As many businesses will likely face changes to their working conditions, it is especially important for employers to review employment contracts to determine whether they have contractual rights to change fundamental terms and conditions of employment.

“If the employment contracts do not permit changes, and the employer makes them anyways without the employee’s consent, the changes may amount to constructive dismissal. A constructive dismissal claim may lead to the employee resigning and claiming damages as if they had been dismissed”, says Wozniak.

To protect their businesses, employers should strive to recall employees to the same or substantially similar terms and conditions of employment they had prior to the temporary layoff and should be aware of making changes without contractual rights or employees’ consent.

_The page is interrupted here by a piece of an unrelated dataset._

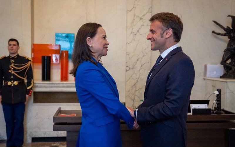 Macron habló con Machado de la "importancia" de una "transición democrática" en Venezuela

Discrimination, duty to accommodate

Employers should also be aware of their obligation not to discriminate against employees and their duty to accommodate employees under human rights legislation.

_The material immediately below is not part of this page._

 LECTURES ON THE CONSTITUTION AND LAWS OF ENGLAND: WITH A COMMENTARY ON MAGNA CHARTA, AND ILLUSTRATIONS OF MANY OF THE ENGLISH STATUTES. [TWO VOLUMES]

“Employees should be recalled based on objective criteria, such as seniority, the order of layoff or regular work schedules. This is to protect the business against allegations by employees that they were discriminated against by not being selected for recall due to a characteristic protected by legislation”, Wozniak advises.

Business owners should also acknowledge any special considerations which might affect an employee’s ability to return to work, such as disability or concerns about returning to work due to an increased risk of severe complications if they contract COVID-19.

“It is possible that COVID-19 could be considered a disability for the purpose of human rights legislation. Employers may be required to accommodate vulnerable employees by continuing work from home arrangements or allowing employees to remain off work”, says Wozniak.

Recall notice must be given in line with provincial requirements and far enough in advance that employees can make arrangements for their return to work. If employees are reasonably unable to return to work on the specified date, employers should offer flexibility in respect of the return to work date.

When recalling workers back to the workplace, employers are advised to assess their workplace capacity, implement measures for preventing the spread of COVID-19, and to take a phased approach to the return to full capacity.